Welcome to the APL Quest. Today, we’re going to compute the Fibonacci sequence. Note that we’re computing the first ( n ) elements of the sequence, not just the ( n )th element, which is a more usual task.

The Fibonacci sequence is usually defined as being recursive. It starts with some seed values, and the next value is computed by summing the last two values in the sequence. We can express this with a stopping condition. If we start the sequence with 0 and 1, for the Fibonacci sequence, we say that for the zero elements, we don’t need anything at all and can just return 0. For the element number 1, we want a 1. When we sum them together, we get the sequence 0, 1, 1, 2, and so on. If the argument is less than or equal to 1, that means it’s 0 or 1, and we can return the element itself. Otherwise, we want the sum of the function itself applied to each one of the arguments minus 1 and 2.

We can try this on 1, 2, 3, and so on, but we don’t want the ( n )th element; we want all the elements up to ( n ). We can apply this on each of the numbers here. While this works, it is exceedingly inefficient. Not only do we compute the same sequence over and over again for ( n ) minus 1 and ( n ) minus 2 for every element of the sequence, but we’re also doing this whole thing over and over again, which becomes ridiculously slow very quickly. So, that’s not a good way to do it, but it very clearly expresses what the sequence is about.

Instead, we’re going to focus on computing the entire sequence at once. The way we’re going to do that is by using a fundamental function, which I call a fundamental Fibonacci transformation function. Let’s call that delta. The fundamental function is that we are extending the currently generated sequence with one more element by summing the last two elements of the current sequence.

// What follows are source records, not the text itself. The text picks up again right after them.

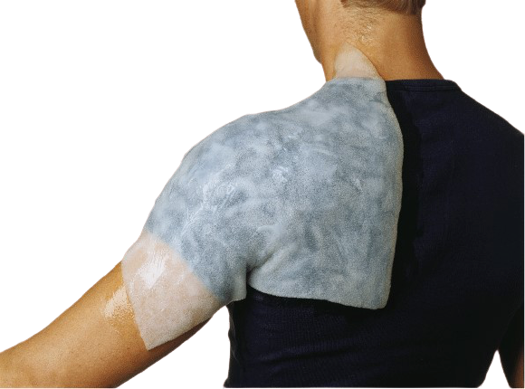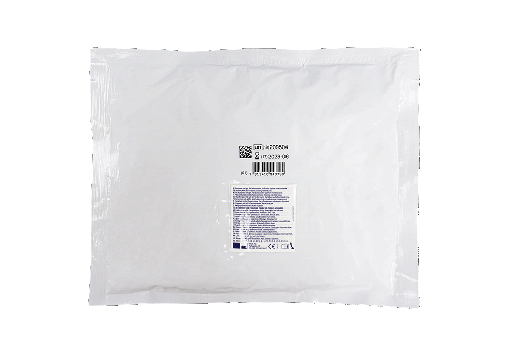 Det finns alltid extra gel kvar i påsen som bör hällas över kompressen där de öppna cellerna snabbt transporterar den vidare ner till skadan. Kompressen kan fixeras löst med gasbinda.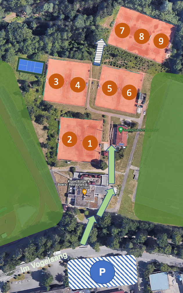 Tennisclub Schönaich – Parkmöglichkeiten, Zugang zur Tennisanlage, Plätze und Klubhaus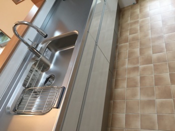 キッチンは、床(タイル風)と水栓にこだわりました。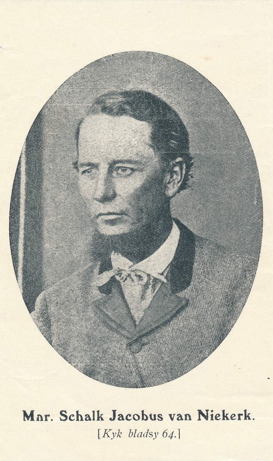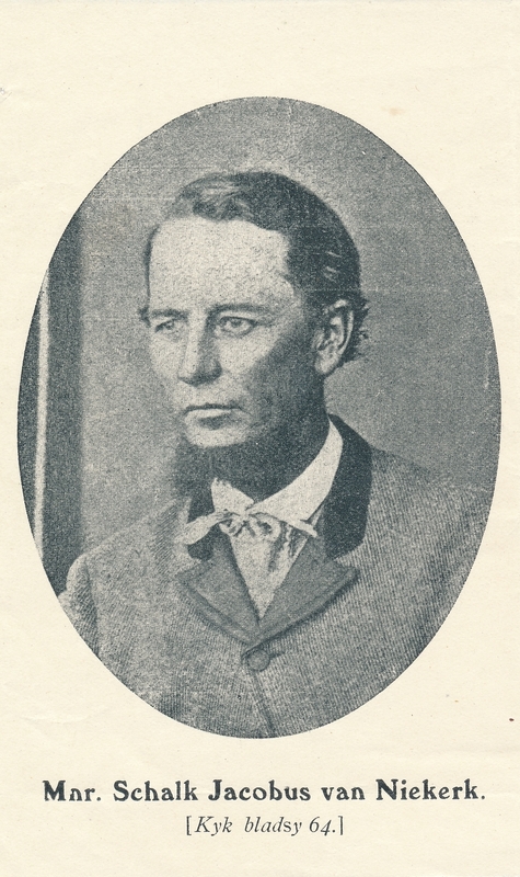 - Portrait of Schalk Jacobus van Niekerk. Unverified sources indicate that Mr van Niekerk was from Hopetown, and discovered a diamnond in 1866.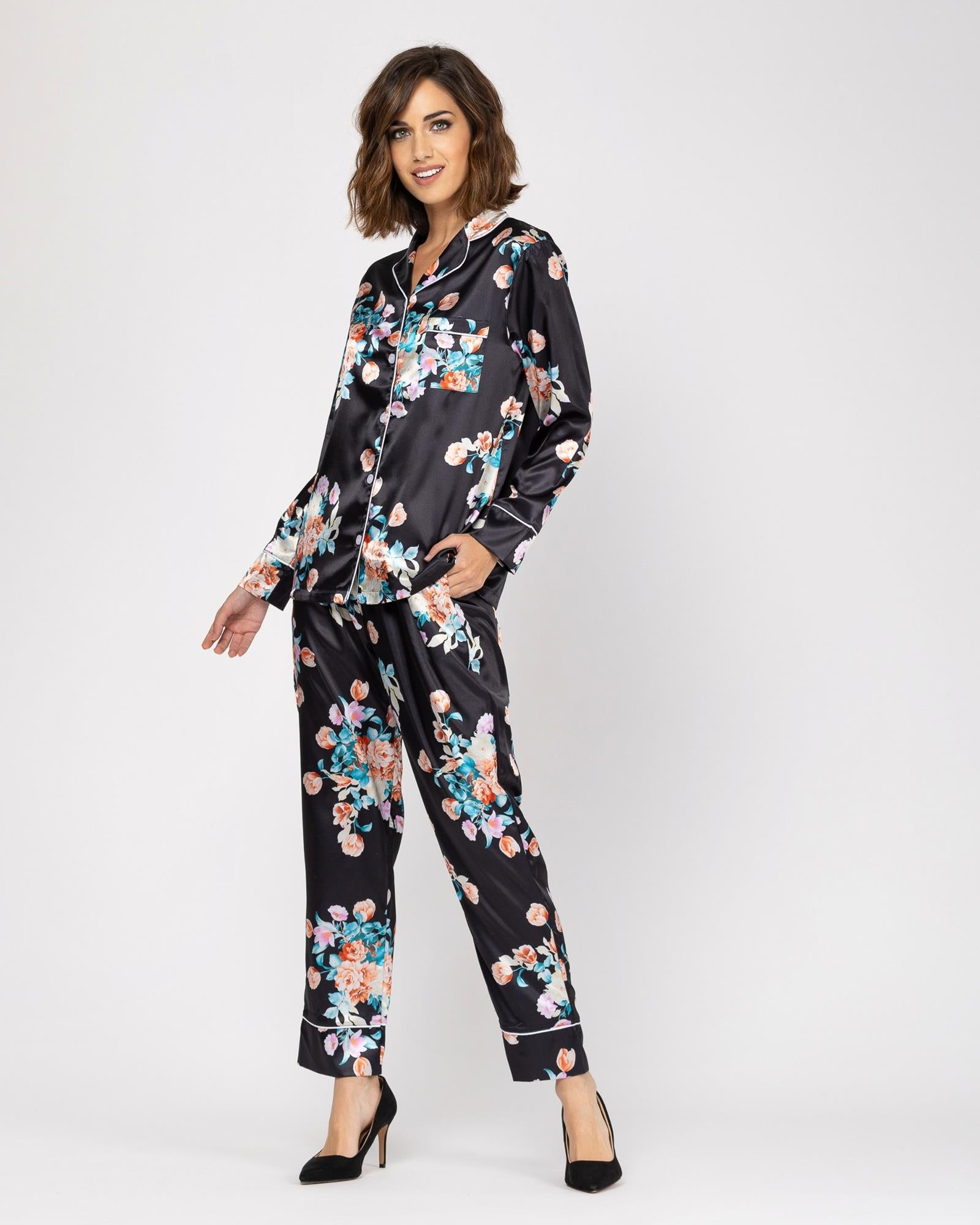 Pijama satinada de dos piezas con estampado floral. Corte holgado y cómodo. Camisa de diseño con solapas y bolsillo tipo parche en el pecho. Cierre con botones en la parte delantera. Manga larga. Pantalón con elástico en cintura. Cuenta con aplicación de franjas blancas en cuello, puño y bajo del pantalón a juego con los botones de la camisa.

So, the current sequence concatenated to the sum of the last two elements taken from the current sequence. If we start by applying this to a 1, taking the last two elements will give you a 0 and a 1, and then we can apply it over and over again.

How can we actually use this and how can we define things in terms of this function? Now we can write a recursive function where we are looking at the element at the argument. If it’s less than or equal to 1, then we know exactly what the sequence is going to be. If it’s zero, it’s going to be the empty numeric vector. If it’s one, it’s going to be a vector one. We can transform a one into a vector one and zero into a zero element vector simply by letting the argument reshape itself. We want to extend the sequence otherwise. What sequence are we going to extend? We’re going to extend the sequence that we got for one less than the current number we’re at, and then we just need to extend it. Let’s call this a recursive version, and this works but it has one problem.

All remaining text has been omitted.